En deux ans, Elisa obtient finalement son bac avec mention dans une filière technologique, une incroyable fierté. Aujourd'hui, elle suit une formation d'hôtellerie-restauration, et envisage l'avenir avec sérénité : "Si les choses ne vont pas comme je veux, je sais que ce n'est pas grave, je suis beaucoup plus sûre de moi. Il ne faut pas hésiter à prendre le temps pour trouver ce qui nous plaît."

Cyril, 23 ans : "J'ai fait de mon décrochage une force" 

Dès son entrée en classe de sixième, Cyril a dû subir les moqueries de ses camarades. "Mes amis de l'école primaire se sont retournés contre moi, je me suis retrouvé tout seul. Tous les jours, mes camarades me persécutaient. Alors j'ai fini par riposter. Après une bagarre, j'ai été exclu du collège pendant une journée. Mes parents étaient abasourdis. Ils ont voulu en parler, mais ils n'arrivaient pas à me comprendre."

Le jeune garçon est pourtant bon élève, et maintient une bonne moyenne tout au long de son parcours. Après le collège, Cyril décide ensuite de se lancer dans un bac professionnel de cuisine. Mais, là-bas, les moqueries contre lui continuent : "Un jour, en rentrant d'un stage, je suis rentré chez moi, abattu. Je ne suis plus sorti de ma chambre pendant trois mois. J'ai tout arrêté, j'évitais mes parents et je ne sortais que pour aller voir mon meilleur ami. Au fil des années, j'avais réussi à me créer une carapace. Personne n'a vu venir mon décrochage."

C'est grâce à l'un de ses amis que Cyril finit par sortir de la torpeur. "Lui aussi avait arrêté les cours", raconte le jeune homme, "et il avait été aidé par La Bouture, une association qui aide les jeunes. Ses parents m'ont collé le téléphone à l'oreille pour que je les contacte. Comme j'étais très méfiant, j'ai évité les premiers rendez-vous, je me trouvais des excuses, mais l'équipe là-bas a su me rassurer. On prenait un café ensemble, mes envies étaient prises au sérieux. Ils m'ont fait écrire une lettre symbolique pour que je quitte mon bac pro, que je mette cette période derrière moi."

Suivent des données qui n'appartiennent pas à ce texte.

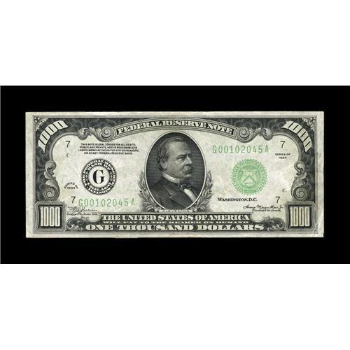 <B>Fr. 2211-G $1000 1934 Federal Reserve Note. Very Fine+.</B></I><BR>This is a strongly embossed example that retains very bright surfaces. It leans towards a higher grade, but the number of folds keeps that notion in check.<BR><BR><b>Shipping:</b> Coin/Currency (<a target="_blank" href="http://www.heritageauctions.com/common/shipping.php">view shipping information</a>)

Cyril passe alors trois mois en formation au Collège-lycée élitaire pour tous (Clept), une structure de l’Education nationale destinée aux décrocheurs scolaires de plus de quinze ans. Tout de suite, il se sent accepté : "Pour la première fois, j'étais écouté, compris, tout le monde était sympa avec moi. Mon professeur tuteur me parlait sans détour, me disait quand je repartais dans mes vieux travers. Je me suis ouvert aux autres. Je suis entré dans une classe de première classique, où j'étais toujours encadré par le Clept. Nous passons le même bac, mais nous avons aussi des moments de discussion avec nos professeurs, des ateliers d'écriture, des activités culturelles. Je me suis même découvert une passion pour le dessin."

A 20 ans, le Grenoblois obtient son bac avec mention. Depuis, il travaille avec l'association pour aider à son tour les jeunes qui, comme lui, ont arrêté l'école. Après deux ans en licence d'anglais, il envisage à nouveau de changer de voie : "Quand on est décrocheur, on le reste. On remet tout en question, on est très critique du monde extérieur", reconnaît l'étudiant. "Mais j'en ai fait une force. Je suis tombé une fois, je sais que je peux me reconstruire. J'ai envie de devenir enseignant, et je vois maintenant plein de possibilités qui s'ouvrent, c'est une véritable chance."